- EXCERPTED RECORDS:

+++++

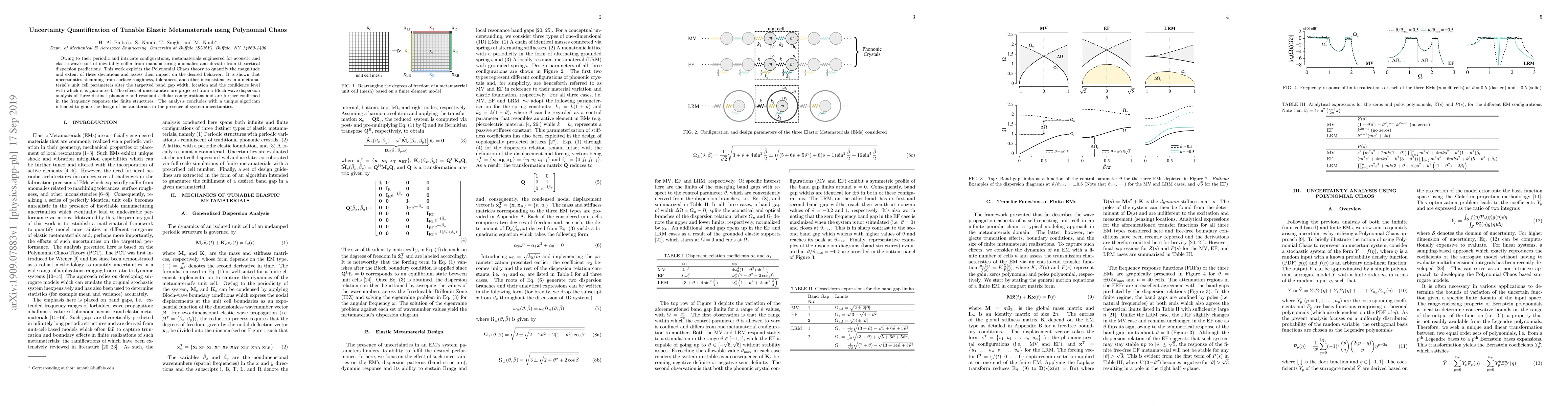 This research paper uses Polynomial Chaos to quantify uncertainties in tunable elastic metamaterials, revealing how manufacturing anomalies affect their performance. It develops an algorithm to guide metamaterial design under system uncertainties.
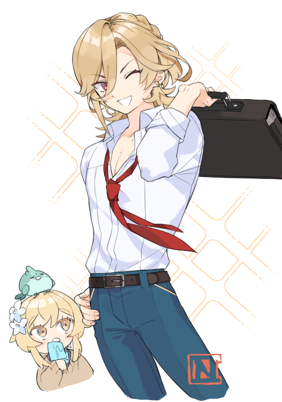 1boy 1girl alternate_costume animal animal_on_head animalization bird bird_on_head blonde_hair choco_c14 collared_shirt flower food genshin_impact hair_between_eyes hair_flower hair_ornament hand_on_own_hip holding kaveh_(genshin_impact) long_sleeves looking_at_viewer lumine_(genshin_impact) necktie on_head one_eye_closed pants popsicle red_eyes red_necktie shirt simple_background sparkle white_background white_flower white_shirt xiao_(bird)_(genshin_impact) xiao_(genshin_impact)
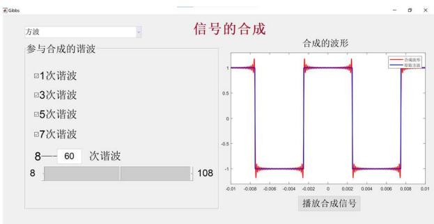 4)利用周期方波信号的各次谐波实现信号合成,记录合成波形并分析谐波对波形合成的影响;
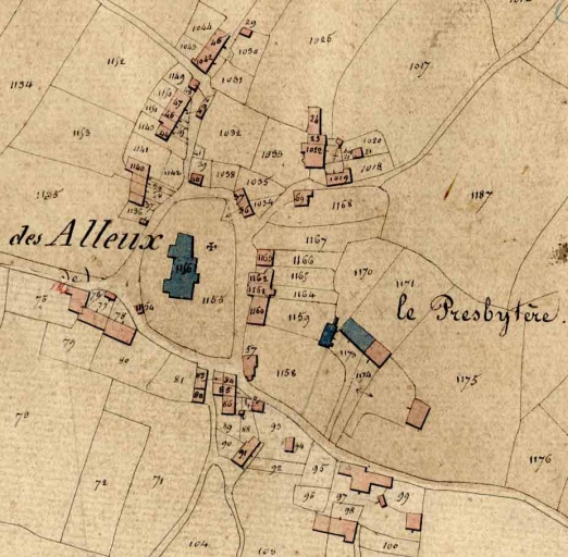 Tableau d'assemblage du plan parcellaire de la commune de Saint-Ouen-des-Alleux, Canton de Saint-Aubin-du-Cormier, Arrondissement de Fougères, Département d'Ille-et-Vilaine. Terminé sur le terrain le 26 août 1833, sous l'administration de Mr. Cahouet, Préfet, Mr Derennes, Maire, et sous la direction de Mr Lambert, Directeur des Contributions, Mr Lesné, Géomètre en chef, par Mrs Delamaire et Margueritte, Géomètres du cadastre, échelle 1/10000e. (A.D. Ille-et-Vilaine).
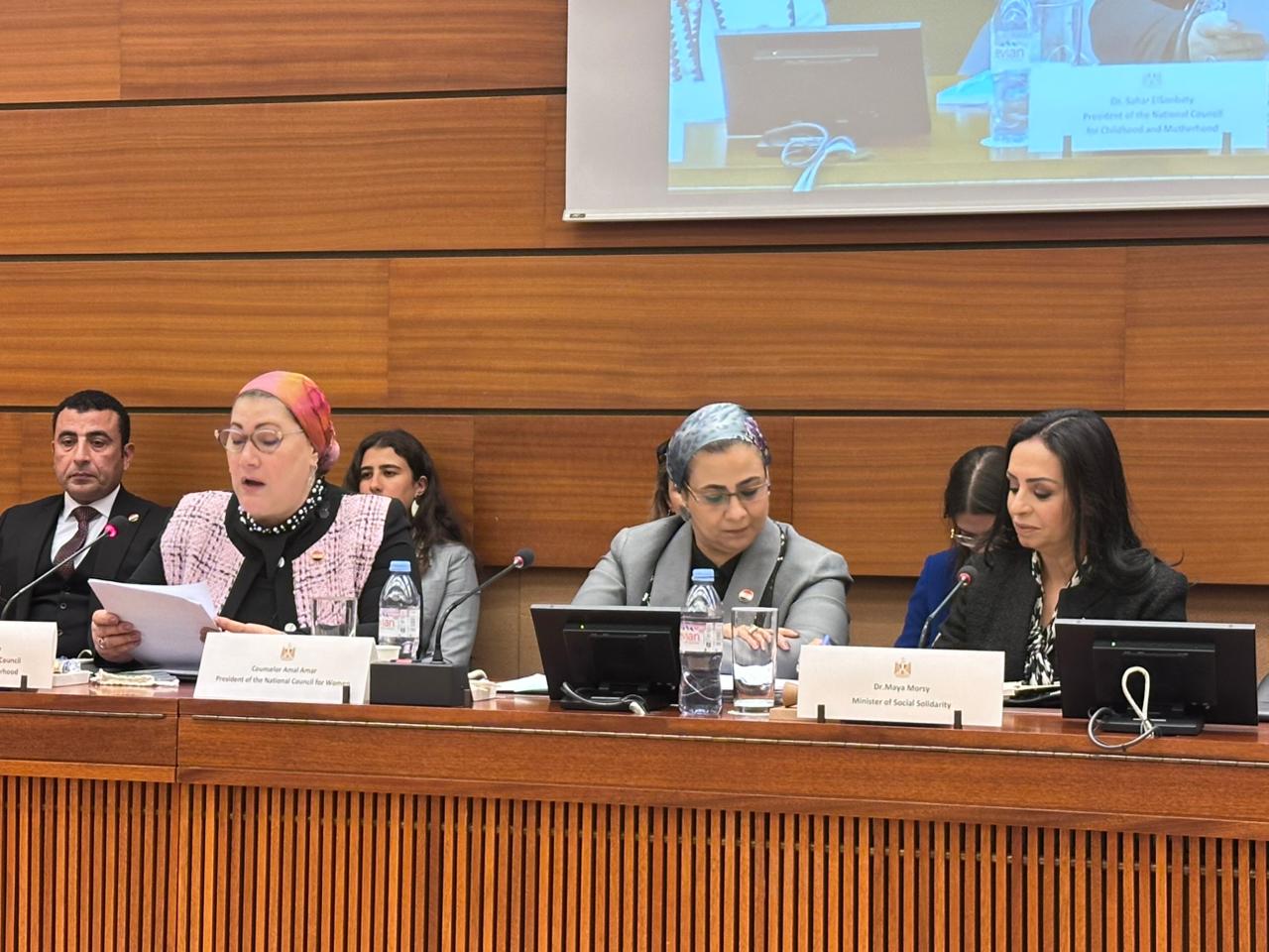 وأعربت الدكتورة مايا مرسي في كلمتها عن سعادتها أن تنظم هذه الفعالية وزارة التضامن الاجتماعي مع المجلس القومي للمرأة والمجلس القومي للطفولة والأمومة والمجلس القومي للأشخاص ذوي الإعاقة في مقر الأمم المتحدة بجنيف، وبما يدل على الشراكة القوية بين الحكومة المصرية والمجالس الوطنية المستقلة.

+++++

- WORK TO COMPLETE:
Output should consist of the lines above from the one with "4)利用周期方波信号的各次谐" down to the one with "Tableau d'assemblage du", exact and without pictures.

- SOLUTION FOR THIS PROBLEM:
 4)利用周期方波信号的各次谐波实现信号合成,记录合成波形并分析谐波对波形合成的影响;
 Tableau d'assemblage du plan parcellaire de la commune de Saint-Ouen-des-Alleux, Canton de Saint-Aubin-du-Cormier, Arrondissement de Fougères, Département d'Ille-et-Vilaine. Terminé sur le terrain le 26 août 1833, sous l'administration de Mr. Cahouet, Préfet, Mr Derennes, Maire, et sous la direction de Mr Lambert, Directeur des Contributions, Mr Lesné, Géomètre en chef, par Mrs Delamaire et Margueritte, Géomètres du cadastre, échelle 1/10000e. (A.D. Ille-et-Vilaine).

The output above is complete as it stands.